> [Task to complete] Reproduce, word for word, the lines in the material below starting with the one that has "Schnell wachsende männliche" and going on through the one that has "REMINGTON 12-BORE 'MODEL". Leave out all pictures.

Segment Open

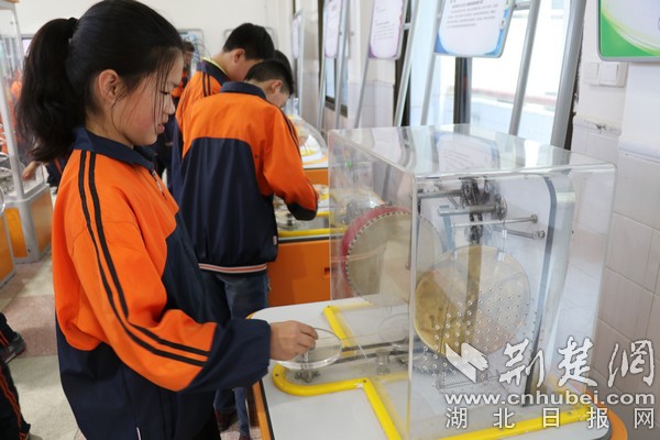 随后,在科普志愿者的引导下,参加活动的领导和师生观摩体验了汉江师范学院、湖北汽车工业学院的科技展品和展示项目,参观了实验中学科技创新活动室、创客工作室和太空种子种植基地。在流动科技馆,同学们兴致勃勃地观看了水果电池、航天模型、智能电磁铁、声音屏蔽仪和水力发电机等装置,详细询问了功能原理、制作材料和制作方法,在感受科技奇妙的同时又学到了许多的理论知识。在创客工作室,校外人士享受了一场丰盛的科技大餐,并现场操作了机器人、智能汽车、测距鞋,展示了实验中学丰硕的创新成果。在太空种子种植基地,小志愿者向大家认真介绍了种子变异的原因和选种过程,还悉心地为幼苗浇水施肥,在劳动中深化了对太空植物的理解。一位学生现场表示:“今天真是大饱眼福,我在开心快乐中掌握了很多科技知识,引发了‘头脑风暴’。今后,我会更加积极地参与科技创作活动,争取让自己的作品进入省级以上的赛场。”
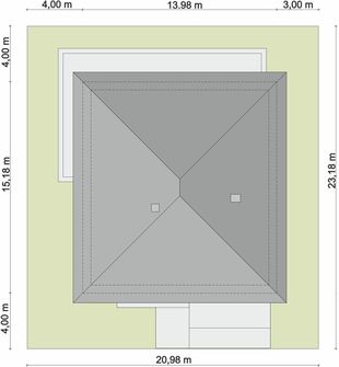 Graficzne opracowanie rzutów poglądowych widocznych na karcie projektu zostało wykonane przez Extradom.pl. Prezentowane przez Extradom.pl wizualizacje wykonane zostały przez autora projektu i należy poczytywać je jedynie za przykład i propozycję wykończenia, wizję architektoniczną autora projektu. Ostateczne wykończenie budynku może nastąpić na wiele sposobów. Szczegółowe rozwiązania zastosowane w oferowanej dokumentacji - w tym również ilość, lokalizacje i wygląd okien, drzwi, kominów - mogą w niewielkim stopniu różnić się od prezentowanej wizualizacji budynku.
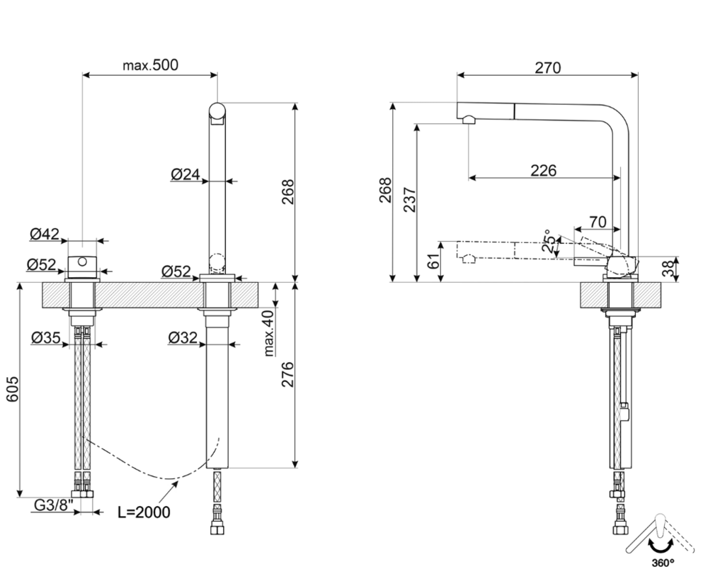i Встроенная в кран насадка на длинном гибком шланге с металлической оплеткой. Насадки с кнопкой могут переключать обычный излив воды на душ.
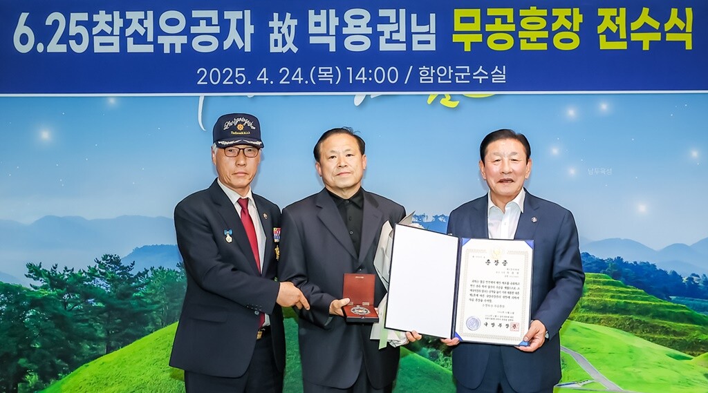 함안군은 지난 24일 군청 군수실에서 6.25전쟁 참전용사인 고(故) 박용권님에 대한 무공훈장 전수식을 개최했다고 밝혔다.
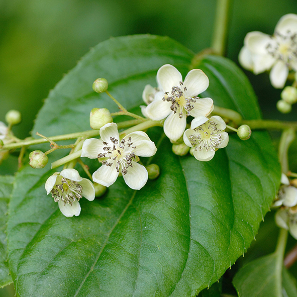 Schnell wachsende männliche Mini-Kiwi mit cremeweißen Blüten, bestäubt von 6–8 Pflanzen.
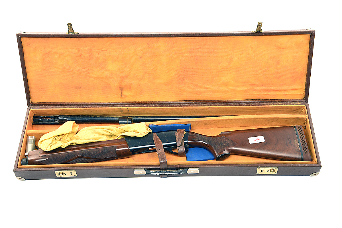 REMINGTON 12-BORE 'MODEL 11-87' SEMI-AUTO SHOTGUN, serial no. PC168098, circa 1989, restricted magazine, 30in. nitro barrel with 7mm raised ventilated matt rib, 2 3/4in. chamber, multichoke (with spares), manual push-button safety, plain blacked action, 14 1/2in. pistolgrip stock including ventilated rubber recoil pad, in a faux leather case with decomposing lining
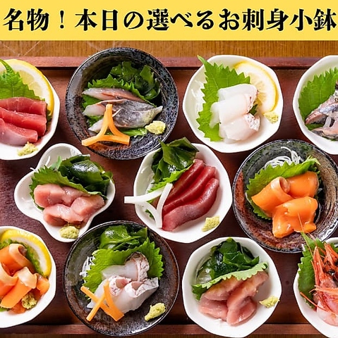 名物◎季節の鮮魚や鮪、海老、サーモンなど様々なお刺身を「選べる小鉢」でご用意しております!1品450円(税込)から、2品800円(税込)、3品1100円(税込)、5品なら1700円(税込)と、選ぶほどお得に♪その日の気分や人数に合わせて、お好みの組み合わせをお楽しみください!♪ 一人で贅沢に、皆でシェアしてもぴったりのサイズ感です!
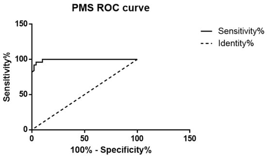 ROC analysis of PMS values of healthy and neoplastic pancreatic margins.
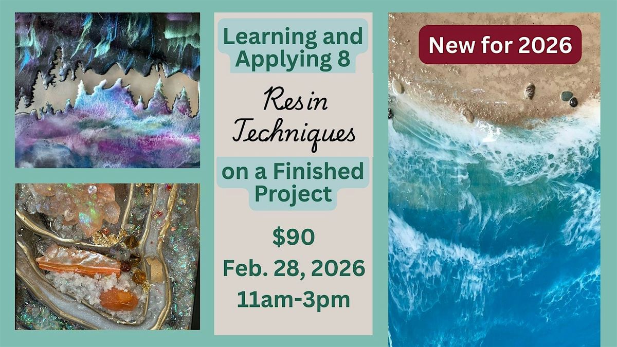 There are 8 basic techniques for pouring resin and we will try each one of them so you can decide which one(s) you are most interested in using on your finished product which will be a 12x12 cradle board wall art. You will also be keeping all your mini practice pieces as well!
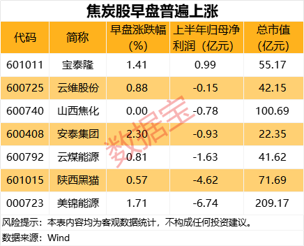 据证券时报·数据宝统计,焦炭板块个股共有7只,早盘普遍上涨,平均涨幅达到1.1%,安泰集团、美锦能源、宝泰隆涨幅居前,分别达到2.3%、1.71%、1.41%。

Segment Closed

> [Exercise result]
 Schnell wachsende männliche Mini-Kiwi mit cremeweißen Blüten, bestäubt von 6–8 Pflanzen.
 REMINGTON 12-BORE 'MODEL 11-87' SEMI-AUTO SHOTGUN, serial no. PC168098, circa 1989, restricted magazine, 30in. nitro barrel with 7mm raised ventilated matt rib, 2 3/4in. chamber, multichoke (with spares), manual push-button safety, plain blacked action, 14 1/2in. pistolgrip stock including ventilated rubber recoil pad, in a faux leather case with decomposing lining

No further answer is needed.